[Stored data]

______

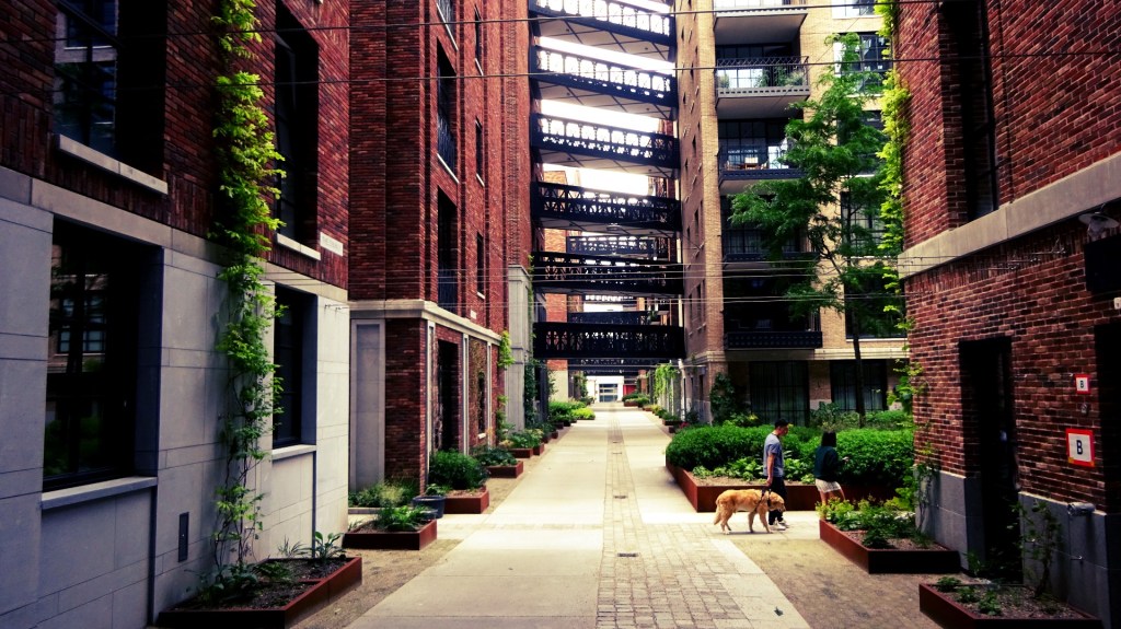 Ik wandel de wijk binnen, dat ondanks de dichte bebouwing een luchtige en intieme sfeer uitademt. Het voelt als een soort commune. Ik loop onder de zwart metalen bruggetjes door, die de gebouwen met de klassieke bakstenen gevels en sierlijke metalen hekken, met elkaar verbinden. Ik dwaal door de wirwar van kleine dwarsstraten met opvallend veel bomen en planten. Langs de stenen gebouwen hangt klimop.
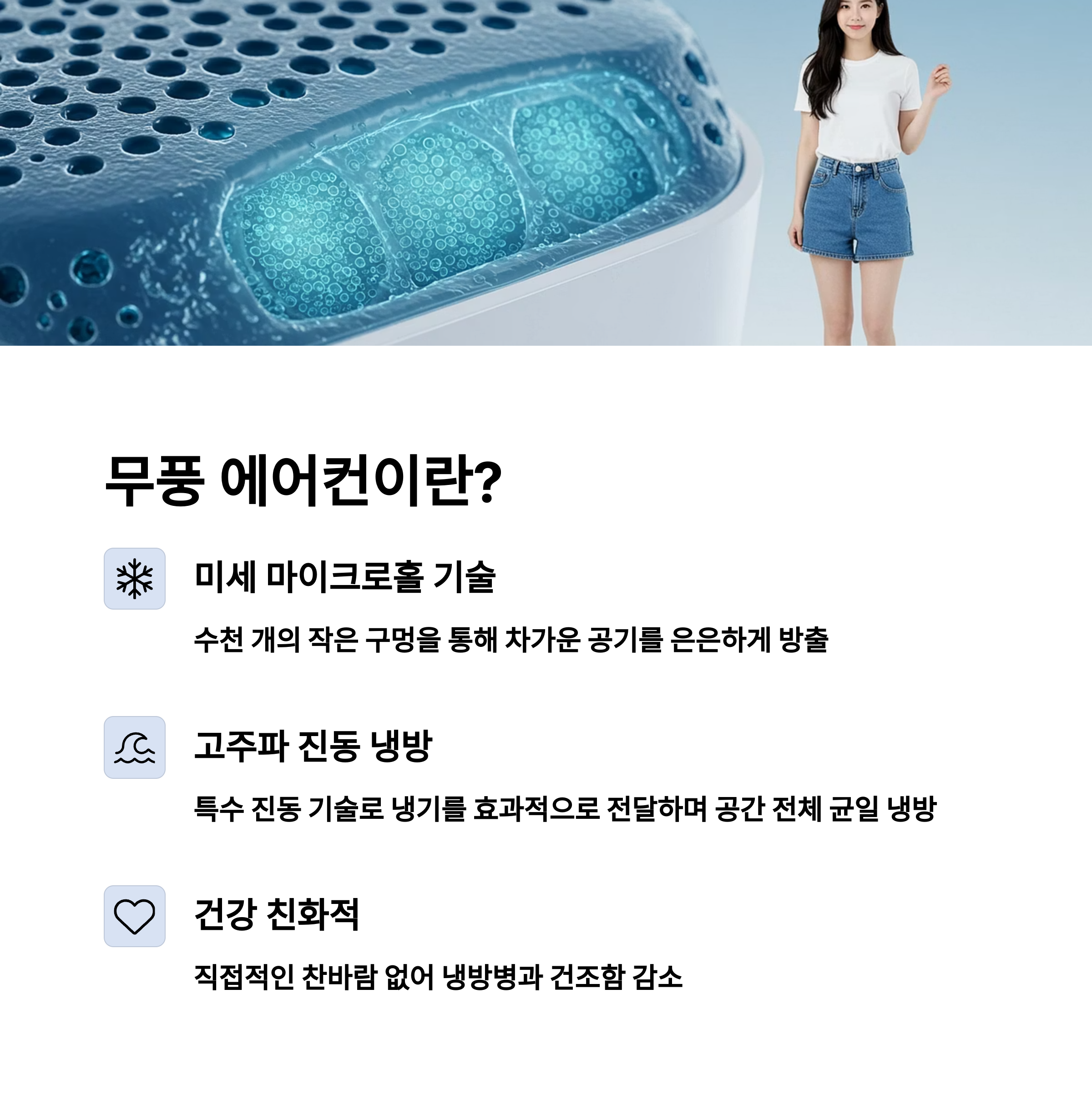 무풍 에어컨은 직접적인 바람 없이도 실내 온도를 낮춰주는 제품입니다
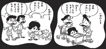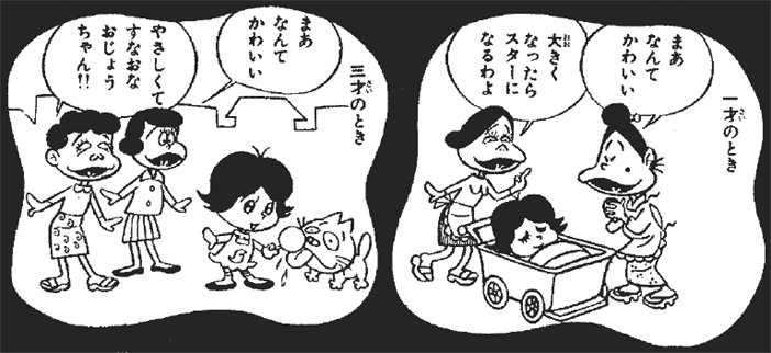 1~3歳のへんな子ちゃんは、お目々もパッチリのかわいいご近所のアイドル。誰もが認めるやさしくて素直な子が、将来とんでもない「へんな子」になるなんて、この頃の姿からは想像できません。
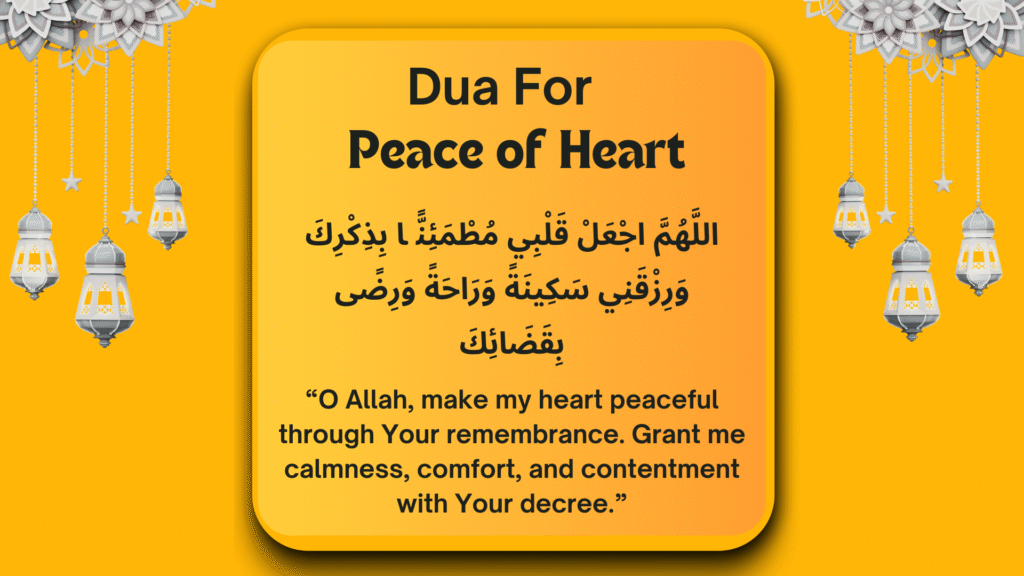 31 Aug Dua Dua for Peace of Heart September 24, 2025 Posted by qiratequran1@gmail.com 0 comments Arabic: اللَّهُمَّ اجْعَلْ قَلْبِي مُطْمَئِنًّا بِذِكْرِكَ وَرِزْقَنِي سَكِينَةً وَرَاحَةً وَرِضًى بِقَضَائِكَ English Translation: “O ... Continue reading
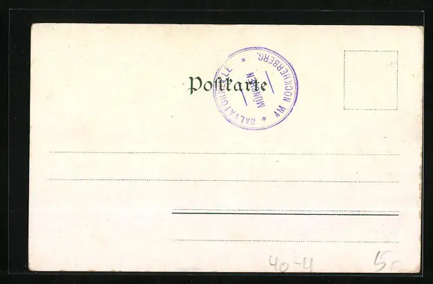 Personenbezogene Daten auf der Rückseite der Karte wurden durch blauen Textmarker unkenntlich gemacht. Die blauen Stellen sind auf die Vorderseite durchgeweicht und wirken sich negativ auf das Postkartenfoto aus
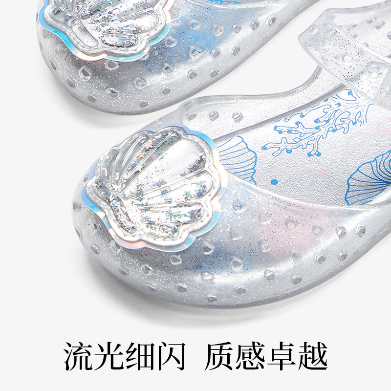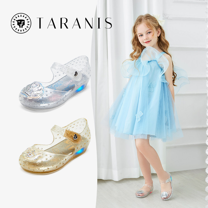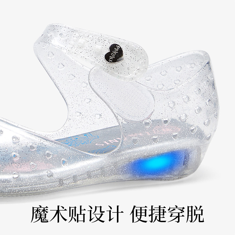 泰兰尼斯童鞋夏季新款水晶公主鞋女童凉鞋儿童闪灯鞋包头果冻鞋子
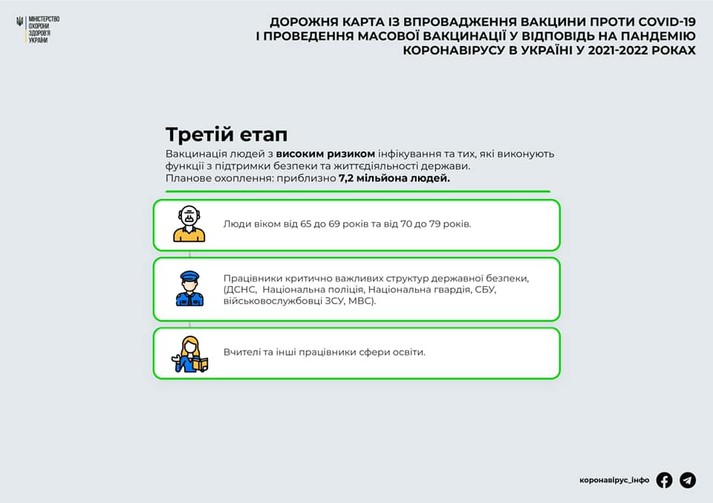 Третій етап вакцинації охопить осіб з високим ризиком захворіти і тих, хто виконує функції з підтримки безпеки і життєдіяльності держави – близько 7,2 млн людей. Це люди віком від 65 до 79 років та працівники критично важливих структур державної безпеки (ДСНС, Нацполіція, Нацгвардія, СБУ, ЗСУ, МВС).
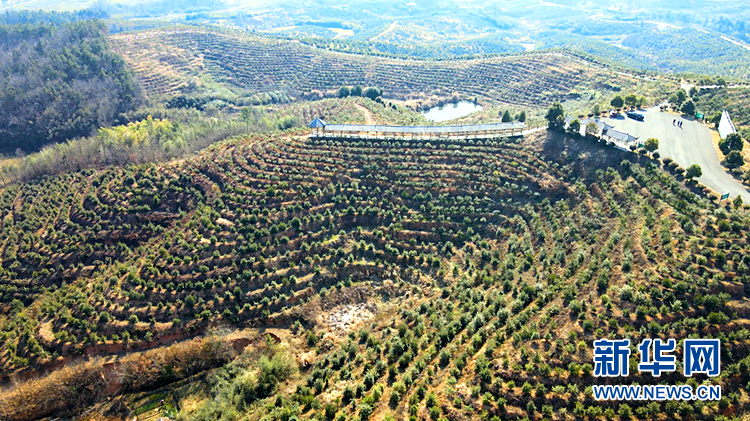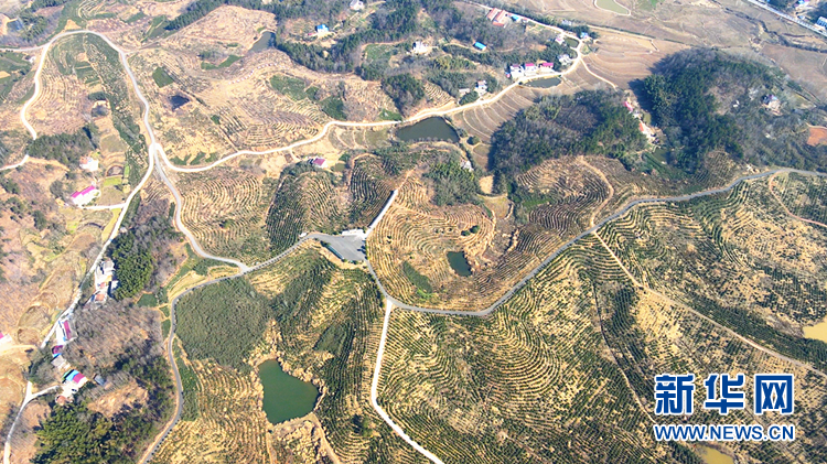 ????航拍六安市裕安區(qū)獨山鎮(zhèn)油茶產(chǎn)業(yè)脫貧示范基地。
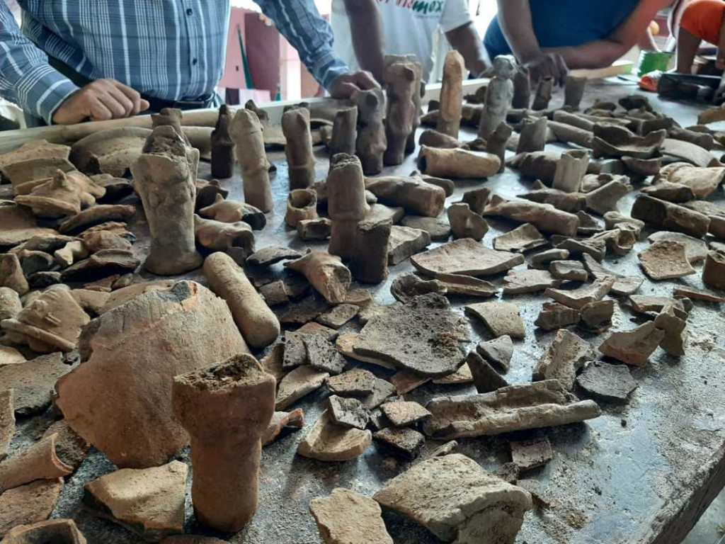 Entre los vestigios se hallaron representaciones de aparentemente dioses hechos con barro, así como vasijas las que se encontraban mayormente rotas debido a los años que llevaban enterradas en el sitio, considerado uno de los puntos con más historia de Ixhuatlán del Sureste.
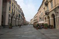 Es kommt regelrecht Großstadtflair auf und wir fühlen uns, als wären wir in in Klein-Turin gelandet. Heute am Montag haben alle Museen geschlossen und auch sonst ist herzlich wenig los. Eine Bar und Pasticceria an der anderen konkurriert mit bekannten Läden der allgegenwärtigen Ketten. Die Via Roma ist die Hauptachse der Altstadt und eine Fußgängerzone. Hier reiht sich ein renovierter Palazzo an den anderen und wieder sind auf beiden Seiten lange Laubengänge angelegt. Allerdings in deutlich niedrigerer Art als am Hauptplatz in der Neustadt. Nach fast zwei Stunden haben wir genug und fahren wieder zurück zum Camping, um das Abendessen zu kochen. Gleich duftet es nach gebratenem Kaninchen und das Gemüse wartet fein geschnitten auf dem Tisch, um in ein schmackhaftes Curry verwandelt zu werden. Morgen soll es endlich sonniger werden und wir wollen dann die Gegend um Alba und Barolo erkunden ...
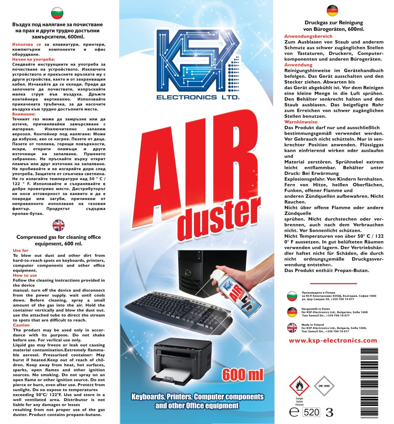 Компресиран въздух под налягане 600ml AIR DUSTER. Подходящ за почистване на офис техника и оптики на CD и DVD.,
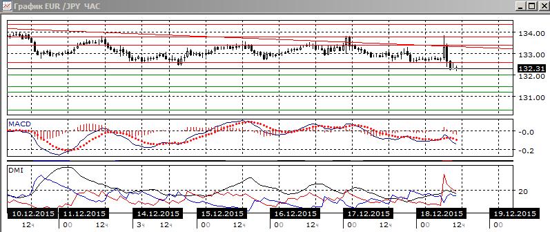 На четырёхчасовом графике пара перешла к снижению: если откорректировать краткосрочную линию тренда снижения, то он работает. Пара снизилась от уровня сопротивления 133,40 и преодолела уровень поддержки 132,60, который ранее тестировался (также это относительный минимум 14 декабря). Относительные минимумы и максимумы пары снижаются. Ближайший уровень поддержки — 132,00, это важный уровень поддержки/сопротивления, проявившийся в ноябре.
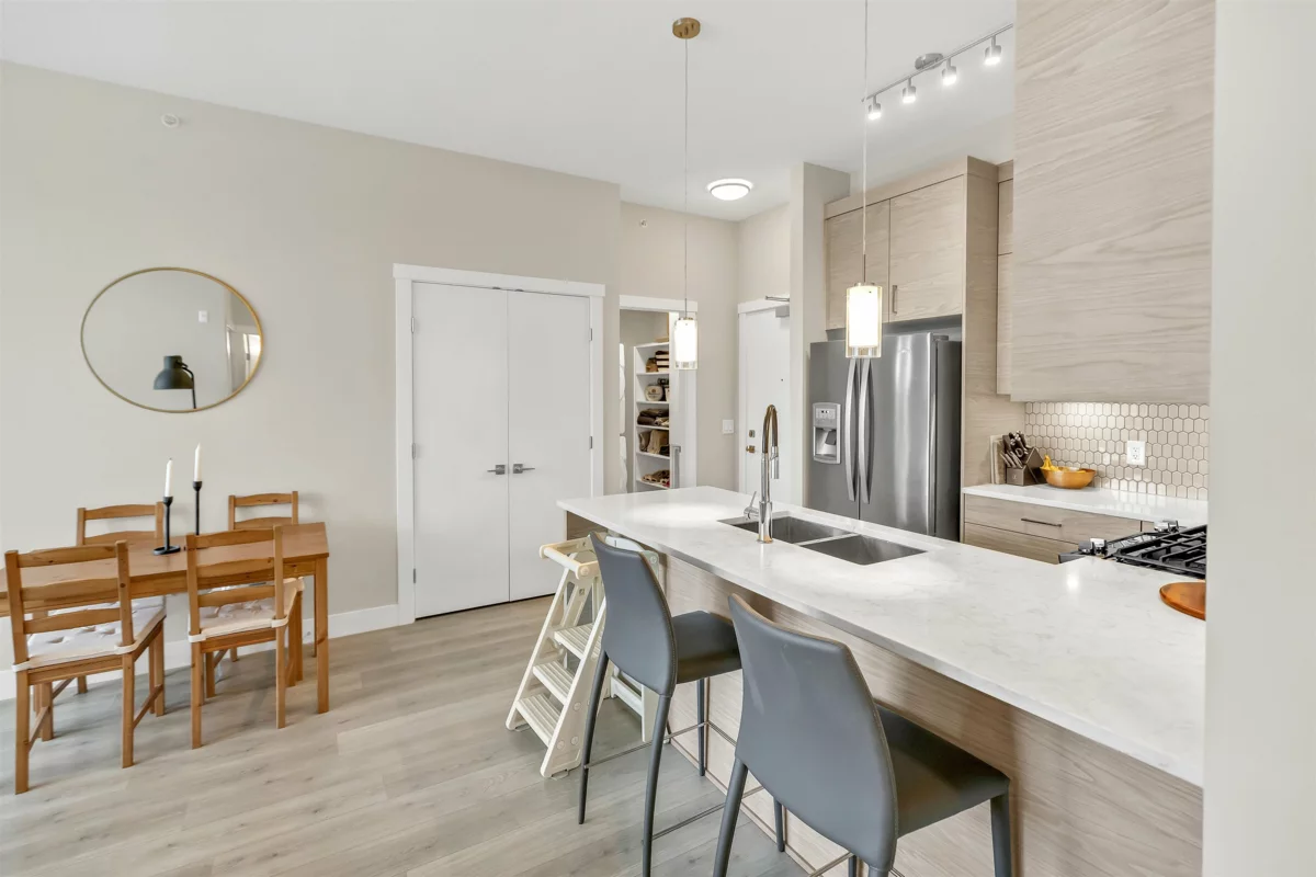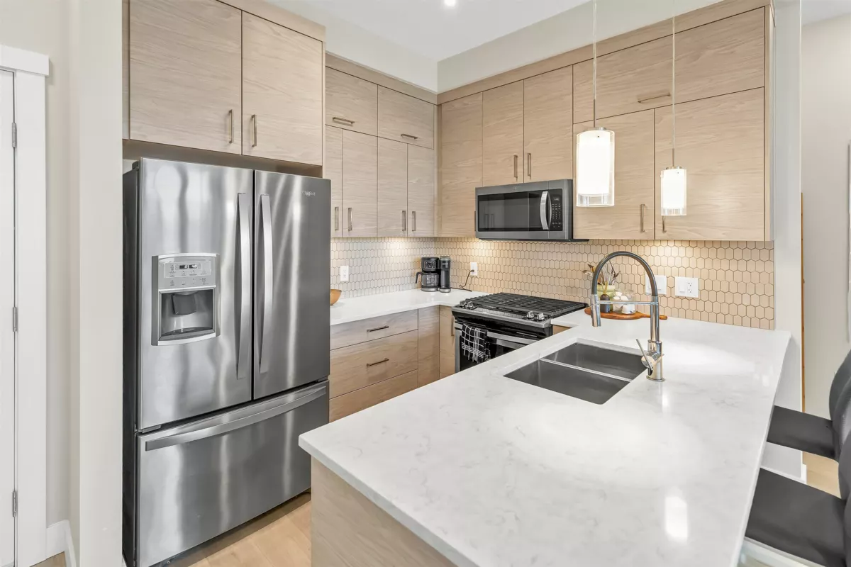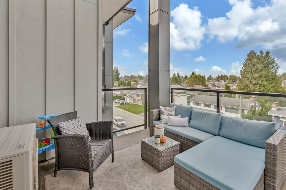 Welcome to the Onyx — a centrally located Abbotsford condo community offering exceptional convenience and comfortable contemporary living. This top-floor 2-bedroom plus den, 2-bath residence gives you both privacy and light, with the added advantage of being on the building’s 4th (top) level for quieter living and great sightlines. Step inside to an inviting layout designed for everyday life and entertaining. The flexible den is perfect as a dedicated home office, study, or small guest room. Two full bathrooms mean mornings are simpler for everyone. The bedrooms are well-proportioned and separated from the living area for added privacy. Gas range, and stainless steel appliances bring this kitchen to life, and bring your morning coffee out on the patio to enjoy the beautiful views.

______

**WHAT IS NEEDED**
Your task is to copy only the lines above starting at the one containing "Третій етап вакцинації" and ending at the one containing "Entre los vestigios". Copy them exactly, both ends included, and omit the pictures.

**SOLUTION TO THIS PROBLEM**
 Третій етап вакцинації охопить осіб з високим ризиком захворіти і тих, хто виконує функції з підтримки безпеки і життєдіяльності держави – близько 7,2 млн людей. Це люди віком від 65 до 79 років та працівники критично важливих структур державної безпеки (ДСНС, Нацполіція, Нацгвардія, СБУ, ЗСУ, МВС).
 ????航拍六安市裕安區(qū)獨山鎮(zhèn)油茶產(chǎn)業(yè)脫貧示范基地。
 Entre los vestigios se hallaron representaciones de aparentemente dioses hechos con barro, así como vasijas las que se encontraban mayormente rotas debido a los años que llevaban enterradas en el sitio, considerado uno de los puntos con más historia de Ixhuatlán del Sureste.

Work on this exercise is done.